*TASK TO COMPLETE:*
What are the lines, word for word, from the line with "22일 시청 대회의실에서" up to and including the line with "アウトバスオイルとしてはもち" in the records below? Omit the pictures.

EXERCISE MATERIALS START

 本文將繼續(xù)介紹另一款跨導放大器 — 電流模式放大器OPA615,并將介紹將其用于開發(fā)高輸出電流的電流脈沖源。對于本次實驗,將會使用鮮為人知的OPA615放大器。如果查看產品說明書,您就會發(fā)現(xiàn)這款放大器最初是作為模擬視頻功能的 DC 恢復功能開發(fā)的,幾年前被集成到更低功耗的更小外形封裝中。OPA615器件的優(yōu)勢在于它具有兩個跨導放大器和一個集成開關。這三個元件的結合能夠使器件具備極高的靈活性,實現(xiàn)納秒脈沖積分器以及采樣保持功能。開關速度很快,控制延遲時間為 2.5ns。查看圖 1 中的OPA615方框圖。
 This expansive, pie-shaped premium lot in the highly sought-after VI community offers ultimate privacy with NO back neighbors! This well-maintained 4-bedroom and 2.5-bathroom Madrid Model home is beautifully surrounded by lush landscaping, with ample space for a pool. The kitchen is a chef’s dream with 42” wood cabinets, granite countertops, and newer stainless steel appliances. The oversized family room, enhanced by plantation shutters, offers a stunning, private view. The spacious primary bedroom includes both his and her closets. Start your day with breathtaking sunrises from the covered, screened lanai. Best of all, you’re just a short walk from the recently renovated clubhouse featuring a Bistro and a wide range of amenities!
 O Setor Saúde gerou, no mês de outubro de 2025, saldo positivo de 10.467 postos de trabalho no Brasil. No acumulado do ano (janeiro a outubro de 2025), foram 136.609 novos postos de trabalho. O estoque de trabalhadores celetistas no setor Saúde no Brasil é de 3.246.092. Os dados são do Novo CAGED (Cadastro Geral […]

EXERCISE MATERIALS END
EXERCISE MATERIALS START

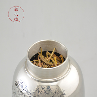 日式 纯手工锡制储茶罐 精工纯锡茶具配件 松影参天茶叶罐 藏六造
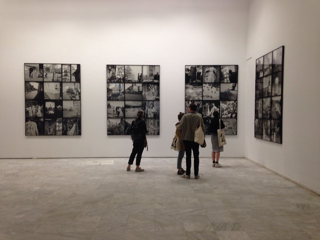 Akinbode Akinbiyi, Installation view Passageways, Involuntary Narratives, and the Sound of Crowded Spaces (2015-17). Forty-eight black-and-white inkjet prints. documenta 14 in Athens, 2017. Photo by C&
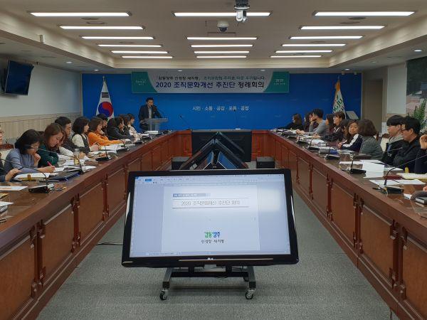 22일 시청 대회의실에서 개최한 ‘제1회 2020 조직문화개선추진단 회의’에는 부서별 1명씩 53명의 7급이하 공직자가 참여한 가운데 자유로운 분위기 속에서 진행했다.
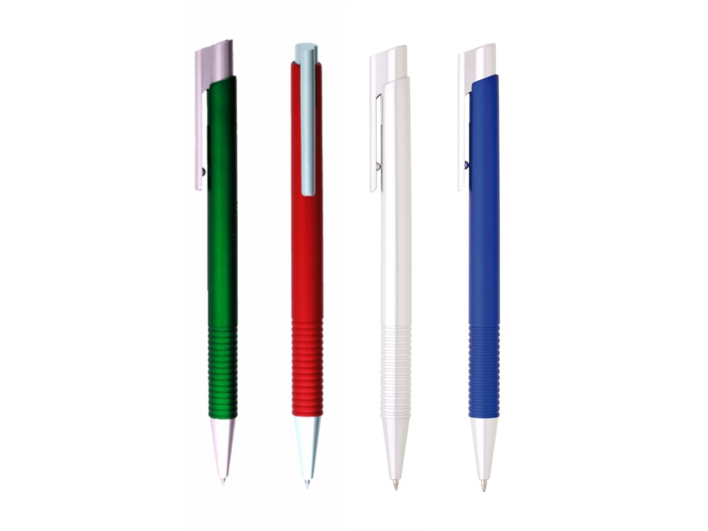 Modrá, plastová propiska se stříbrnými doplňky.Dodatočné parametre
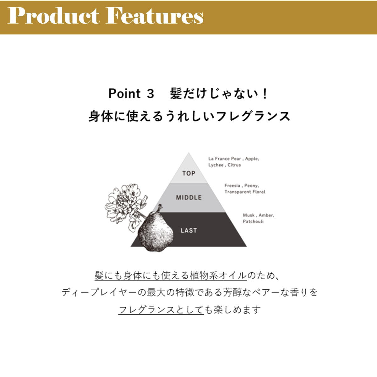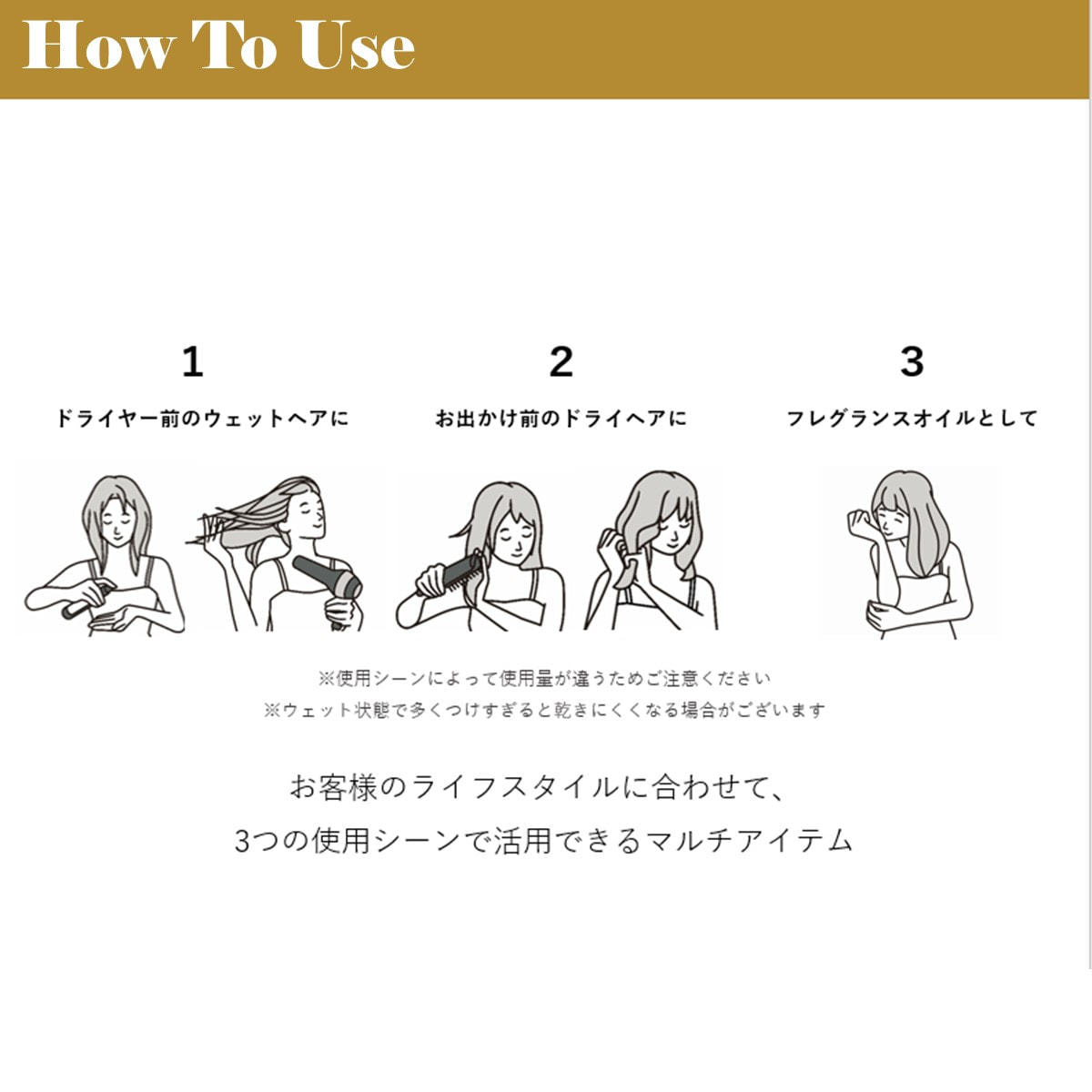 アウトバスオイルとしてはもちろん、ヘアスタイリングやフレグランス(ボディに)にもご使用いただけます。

EXERCISE MATERIALS END
EXERCISE MATERIALS START

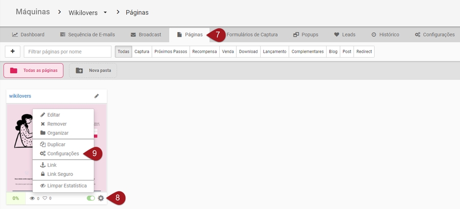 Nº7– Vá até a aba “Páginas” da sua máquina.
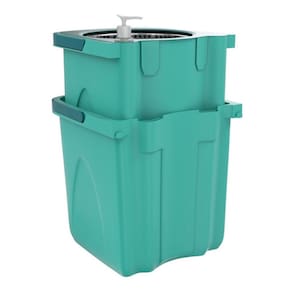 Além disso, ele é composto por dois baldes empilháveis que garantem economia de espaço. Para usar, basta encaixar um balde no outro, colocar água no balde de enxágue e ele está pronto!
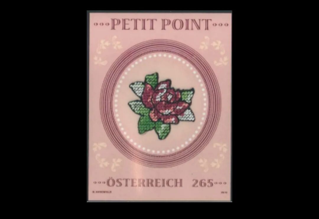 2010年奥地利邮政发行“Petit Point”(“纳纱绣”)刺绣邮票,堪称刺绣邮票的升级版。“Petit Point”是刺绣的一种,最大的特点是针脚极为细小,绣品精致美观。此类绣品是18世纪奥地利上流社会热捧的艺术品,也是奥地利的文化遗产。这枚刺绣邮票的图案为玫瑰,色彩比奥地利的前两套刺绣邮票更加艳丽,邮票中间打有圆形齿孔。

EXERCISE MATERIALS END

*RESULT:*
 22일 시청 대회의실에서 개최한 ‘제1회 2020 조직문화개선추진단 회의’에는 부서별 1명씩 53명의 7급이하 공직자가 참여한 가운데 자유로운 분위기 속에서 진행했다.
 Modrá, plastová propiska se stříbrnými doplňky.Dodatočné parametre
 アウトバスオイルとしてはもちろん、ヘアスタイリングやフレグランス(ボディに)にもご使用いただけます。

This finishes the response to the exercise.